摘要: 本研究採用傳統油壓機試驗法,在固定之應力振幅下(荷重控制),以50T MTS油壓機進行反覆疲勞荷重試驗。並探討常重(NWC)及輕質混凝土(LWAC)樑試體,於反覆疲勞荷重下之力學行為及損傷程度。以Pmean/Py = 0.64、0.56、0.48及0.40為四種疲勞荷重之等級,荷重振幅Pamp(=Pmax-Pmin/2)固定為8kN,荷重頻率為2Hz,進行反覆疲勞荷重試驗。當反覆荷重循環次數N達2百萬次,而未完全斷裂之常重及輕質混凝土樑試體,則重新進行靜態荷重試驗,測試其殘餘強度(residual strength)。 試驗結果顯示:常重混凝土樑試體勁度之衰減(kN/k0)與荷重等級的大小(Pmean)無確切之關聯;而輕質混凝土樑試體,則隨著荷重等級的提高,勁度衰減(kN/k0)越明顯。
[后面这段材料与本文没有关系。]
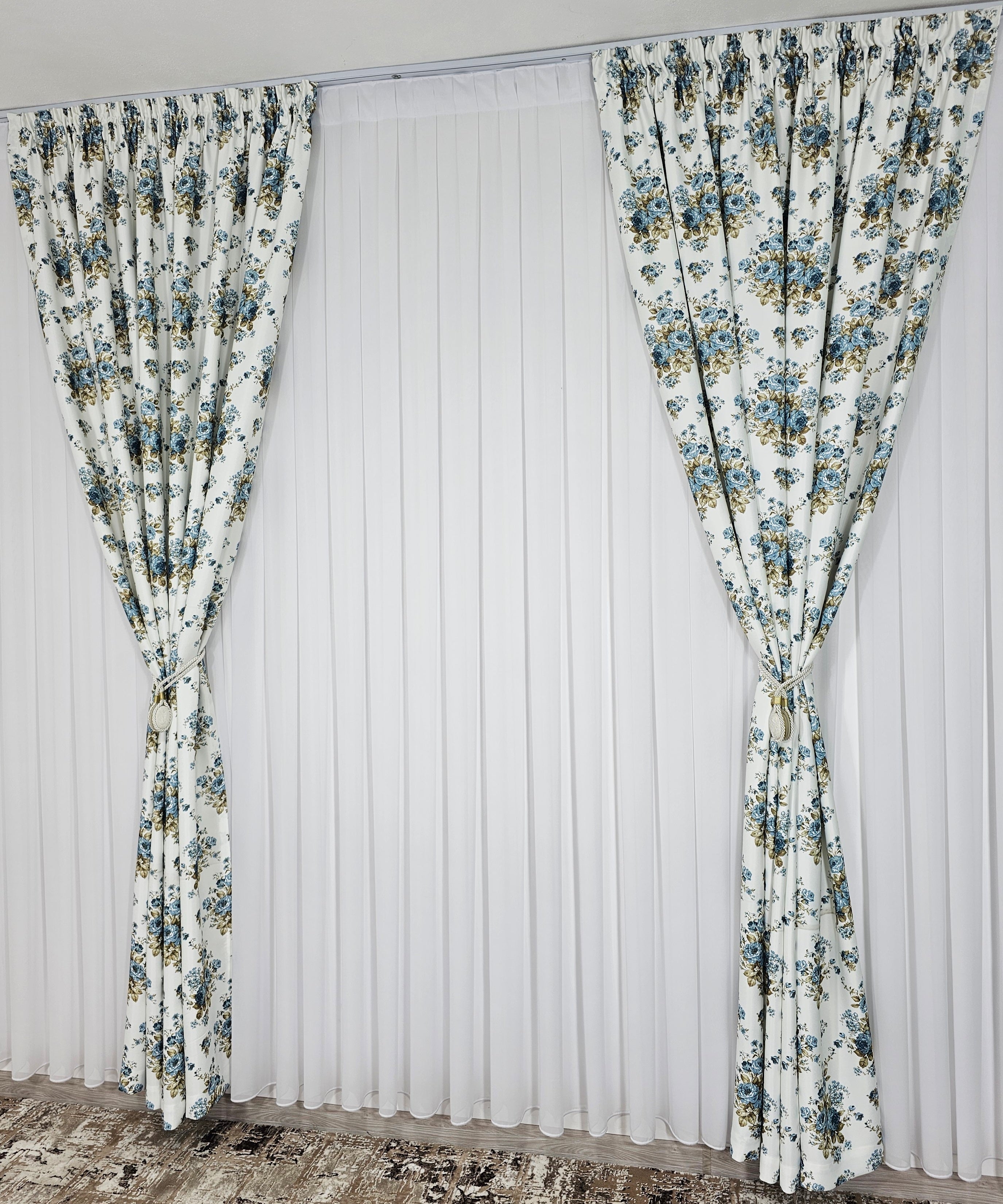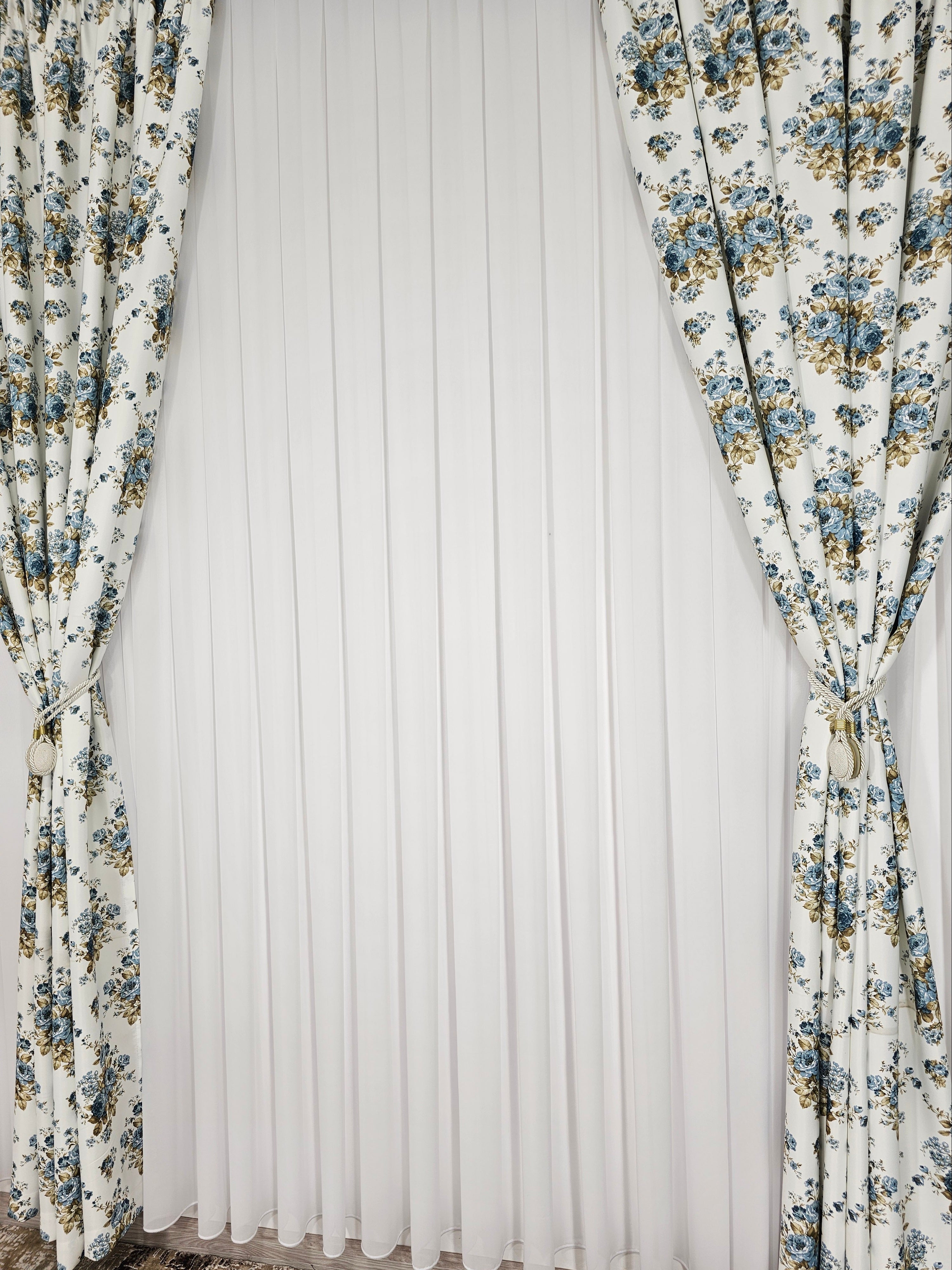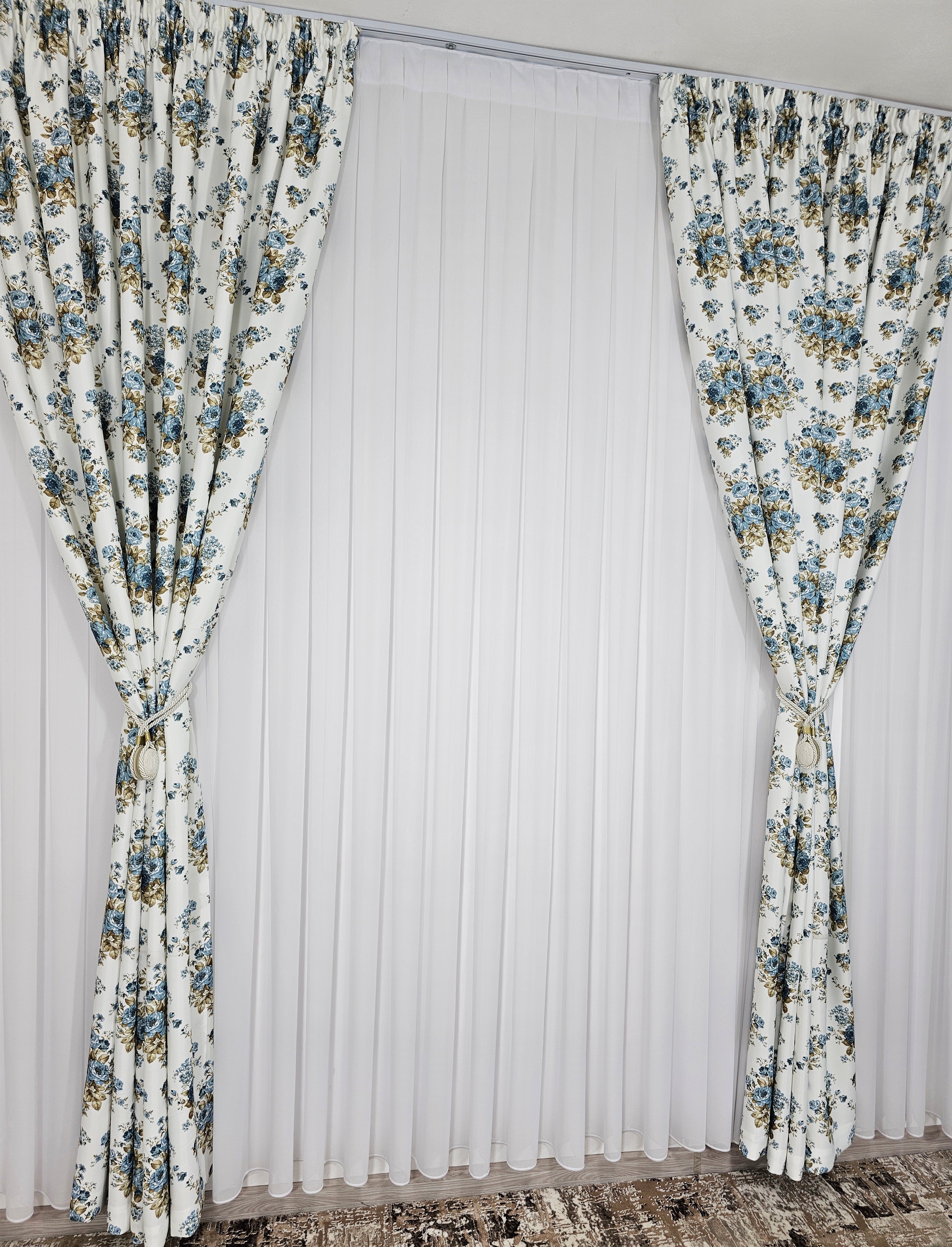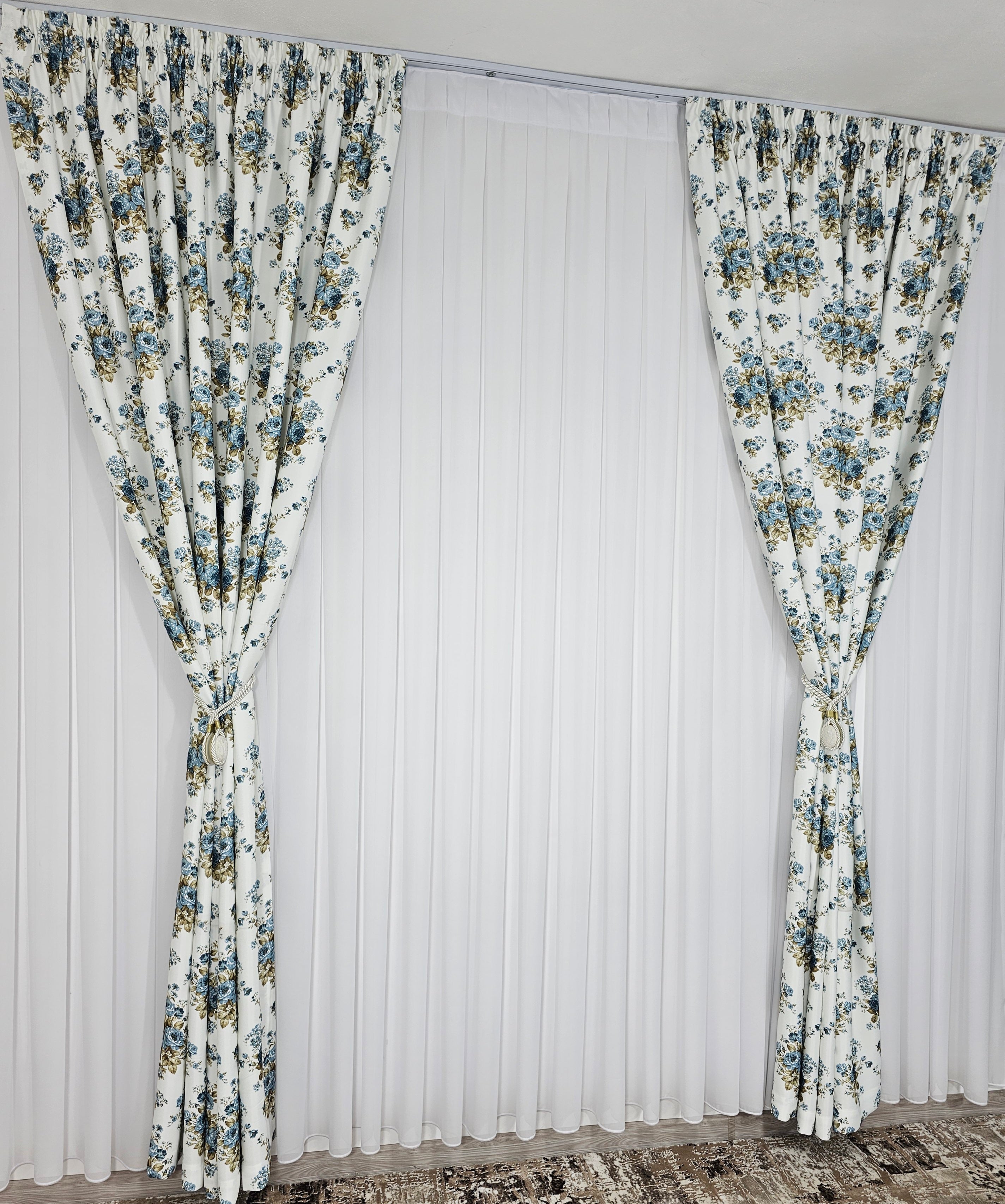Un set plin de rafinament, format din perdea albă ușoară cu imprimeu floral și draperie asortată în același model, ideal pentru a adăuga prospețime, eleganță și armonie în decorul casei tale.

輕質混凝土樑試體在高荷重等級(Pmean/Py=0.64、0.56)作用下之勁度衰減程度(kN/k0)略高於常重混凝土樑;而在低荷重等級(Pmean/Py=0.48、0.40)作用下時,則明顯小於常重混凝土樑。常重混凝土樑位移振幅(△N,amp)之增加與荷重等級的大小(Pmean)亦無確切之關係;而輕質混凝土樑則隨著荷重等級的提高,其位移振幅增加之幅度越大。輕質混凝土樑試體在高荷重等級(Pmean/Py=0.64、0.56)作用下之位移振幅增加幅度(△N,amp/△0)略高於常重混凝土樑;而在低荷重等級(Pmean/Py=0.48、0.40)作用下時,則明顯小於常重混凝土樑。在相同荷重等級作用下,輕質混凝土樑之殘餘撓度(△Rd)較常重混凝土樑少。常重及輕質混凝土樑之疲勞損傷量主要受荷重中值影響,荷重中值越高,疲勞損傷量越大。輕質混凝土樑在較高荷重等級(Pmean/Py=0.64、0.56)作用下,損傷程度略大於常重混凝土樑;而在較低荷重等級(Pmean/Py=0.48、0.40)作用下,其損傷程度明顯小於常重混凝土樑。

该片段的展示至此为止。